(SUPPLIED DATA)
[Start of Attachment]

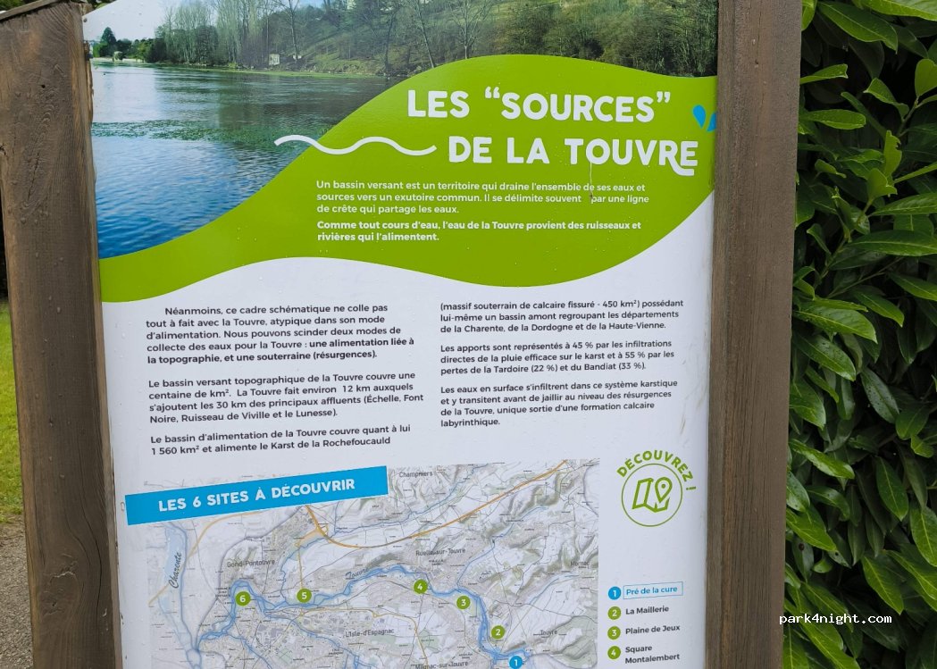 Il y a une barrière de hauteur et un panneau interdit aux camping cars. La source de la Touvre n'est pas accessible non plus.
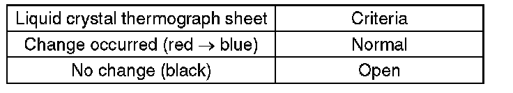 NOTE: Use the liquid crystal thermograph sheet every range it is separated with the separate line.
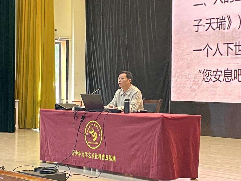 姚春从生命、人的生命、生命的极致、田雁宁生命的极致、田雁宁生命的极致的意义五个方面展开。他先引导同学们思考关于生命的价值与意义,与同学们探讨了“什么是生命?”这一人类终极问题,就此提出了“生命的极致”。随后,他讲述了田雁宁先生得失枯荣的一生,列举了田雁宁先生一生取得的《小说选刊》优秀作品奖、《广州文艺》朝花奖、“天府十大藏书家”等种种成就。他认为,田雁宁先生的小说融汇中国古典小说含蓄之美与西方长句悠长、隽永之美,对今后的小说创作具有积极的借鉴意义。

[End of Attachment]

(WHAT THE EXERCISE ASKS) Set the material above down again word for word. Include none of its pictures.

(RESPONSE BELOW)
 Il y a une barrière de hauteur et un panneau interdit aux camping cars. La source de la Touvre n'est pas accessible non plus.
 NOTE: Use the liquid crystal thermograph sheet every range it is separated with the separate line.
 姚春从生命、人的生命、生命的极致、田雁宁生命的极致、田雁宁生命的极致的意义五个方面展开。他先引导同学们思考关于生命的价值与意义,与同学们探讨了“什么是生命?”这一人类终极问题,就此提出了“生命的极致”。随后,他讲述了田雁宁先生得失枯荣的一生,列举了田雁宁先生一生取得的《小说选刊》优秀作品奖、《广州文艺》朝花奖、“天府十大藏书家”等种种成就。他认为,田雁宁先生的小说融汇中国古典小说含蓄之美与西方长句悠长、隽永之美,对今后的小说创作具有积极的借鉴意义。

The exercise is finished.